During the merge process, you are of course comparing elements with one another.
Convince yourself that, if you're merging 2 sorted lists A and B, and if both lists contain the same value x, then it will happen that the two identical elements will be compared with one another. If you want a proof, my approach would be to show that if there is a case where two identical elements are not compared, then one or both of the lists are in fact unsorted. Proof by contradiction, baby!
So you can easily detect cases whereby there are two identical elements in two lists being merged.
Next, convince yourself that if there are two identical elements in two lists not being merged just now, that eventually they will be merged together and the identical elements will be detected. That's basically a proof by induction --- if nothing else, clearly the very last merge (merging sorted lists of length n/2 and n/2 into the final list of length n) will bring those elements together.
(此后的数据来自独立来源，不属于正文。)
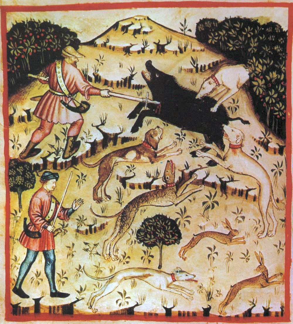 На картинці зображено середньовічне полювання на кабана із собаками. Tacuinum Sanitatis, популярний трактат про здоровий спосіб життя, XIV ст.
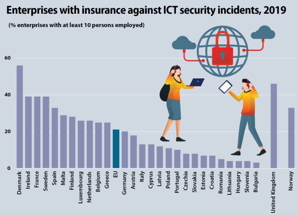 La nivelul uniunii europene, 21% dintre companiile care au cel puțin 10 angajați au asigurare în caz de incidente IT. Aproximativ 5% din companiile cu mai mult de 10 angajați din România sunt asigurate și sub noi sunt doar Lituania, Ungaria, Slovenia și Bulgaria.
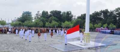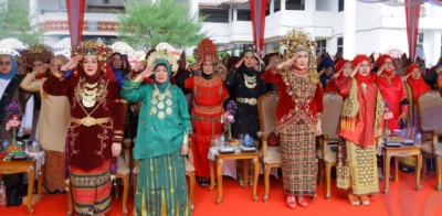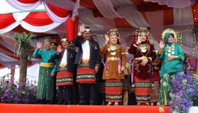Peringatan hari jadi tahun ini diawali dengan pawai devile seluruh Organisasi Perangkat Daerah (OPD) yang menampilkan beragam pakaian adat nusantara, mencerminkan semangat kebhinekaan, persatuan, dan kekayaan budaya bangsa yang hidup berdampingan di Bumi Serasan Seandanan.
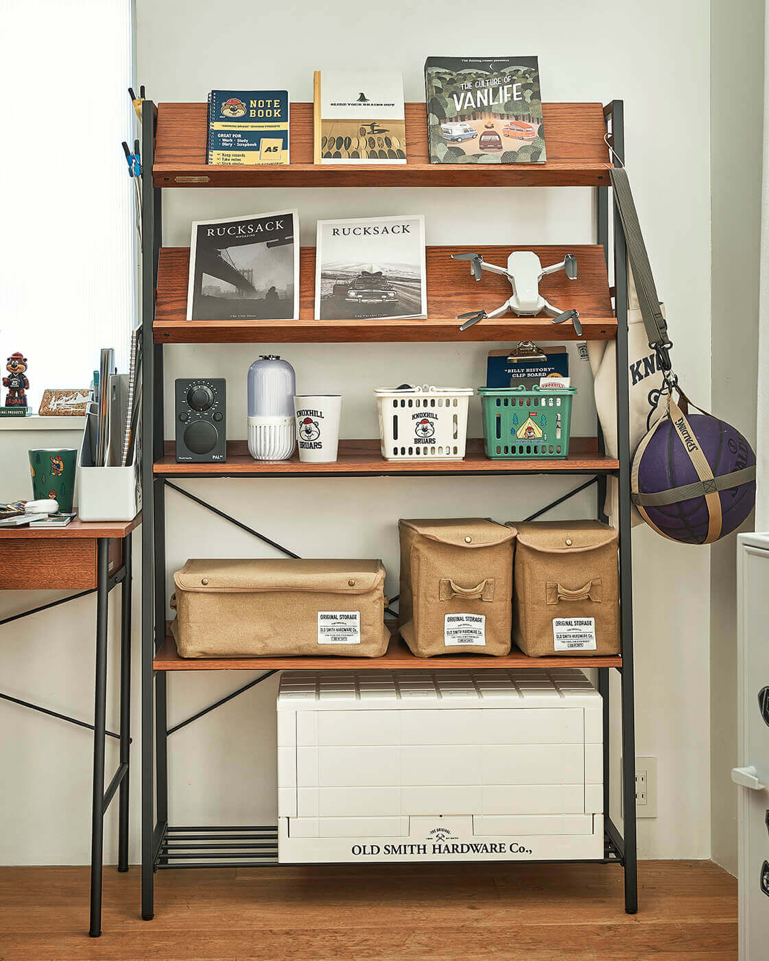 棚板に小物を収納できるのも人気のポイント。
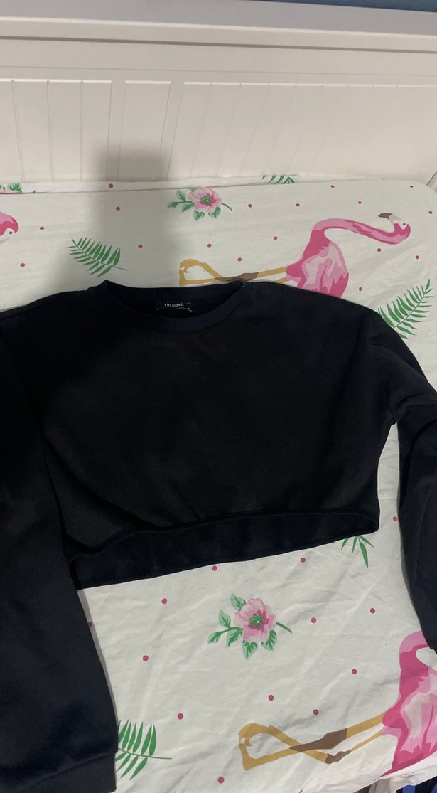 Siyah renkli, yuvarlak yakalı ve uzun kollu, bol kesim kadın crop sweatshirt. İci polarlı rahat
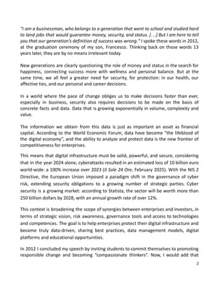 "I am a businessman, who belongs to a generation that went to school and studied hard to land jobs that would guarantee money, security, and status. […] But I am here to tell you that our generation’s definition of success was wrong." I spoke these words in 2012, at the graduation ceremony of my son, Francesco. Thinking back on those words 13 years later, they are by no means irrelevant today.
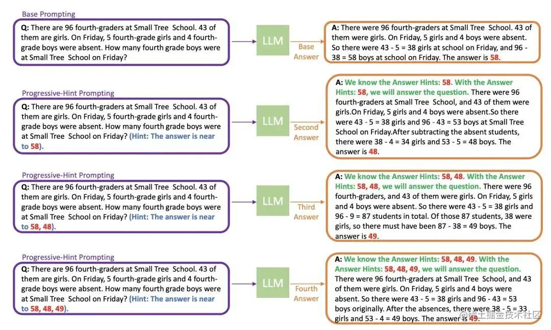 在 PHP 方法中,首次与 LLM 交互使用的 prompt 称为基础提示(Base Prompting)。基础提示可以是标准提示、CoT 提示或者其他改进版本的提示。在随后的交互中,将使用 PHP 提示,直到最新的两个答案一致。

Lastly, convince yourself that there cannot exist a singular list with two of the same element, if you recurse to the n = 1 or n = 0 case. This is again inductive-ish because of course any larger list will first have to survive the "filtering" process described in the first big paragraph.
If you are convinced of those three things, then it will be apparent that Steven's or Tim's solutions are quite suitable.
回答4:
Using C++ but you can just use arrays instead of vectors for C
#include <iostream>
#include <vector>
// merge 2 arrays using a temp array
void merge (std::vector<int>& v, std::vector<int>& tmpArray, int left, int center, int right )
{
int leftPos = left;
int leftEnd = center;
int tmpPos = leftPos;
int rightEnd = right;
int rightPos = center + 1;
// finger matching algo left and right
while ( leftPos <= leftEnd && rightPos <= rightEnd )
{
// this first if block here for equals is what does your duplicate removal magic
if ( v[leftPos] == v[rightPos] )
{
tmpArray[tmpPos++] = std::move(v[leftPos++]);
++rightPos;
}
else if ( v[leftPos] < v[rightPos] )
tmpArray[tmpPos++] = std::move(v[leftPos++]);
else
tmpArray[tmpPos++] = std::move(v[rightPos++]);
}
// copy rest of left
while ( leftPos <= leftEnd )
tmpArray[tmpPos++] = std::move(v[leftPos++]);
// copy rest of right
while ( rightPos <= rightEnd )
tmpArray[tmpPos++] = std::move(v[rightPos++]);
// copy tmp array back to array
int numElements = right - left + 1;
for ( int i = 0; i < numElements; ++i, --rightEnd)
v[rightEnd]=std::move(tmpArray[rightEnd]);
}
void mergeSort ( std::vector<int>& v, std::vector<int>& tmpArray, int left, int right )
{
if ( left < right )
{
auto center = left + (right - left)/2;
mergeSort(v, tmpArray, left, center);
mergeSort(v, tmpArray, center+1, right);
merge ( v, tmpArray, left, center, right );
}
}
void mergeSort (std::vector<int>& v)
{
int sz = v.size();
std::vector<int> tmpArray ( sz, 0 );
mergeSort (v, tmpArray, 0, sz-1);
}
int main ()
{
std::vector<int> v { 7,8,6,5,4,3,9,12,14,17,21,1,-2,-3,-3,-3,-9,10,11 };
mergeSort ( v );
for ( auto&i : v)
std::cout << i << " " ;
std::cout << std::endl;
}
回答5:
Updating my Original Answer below with some more generic code using Collection Iterators instead of just vectors.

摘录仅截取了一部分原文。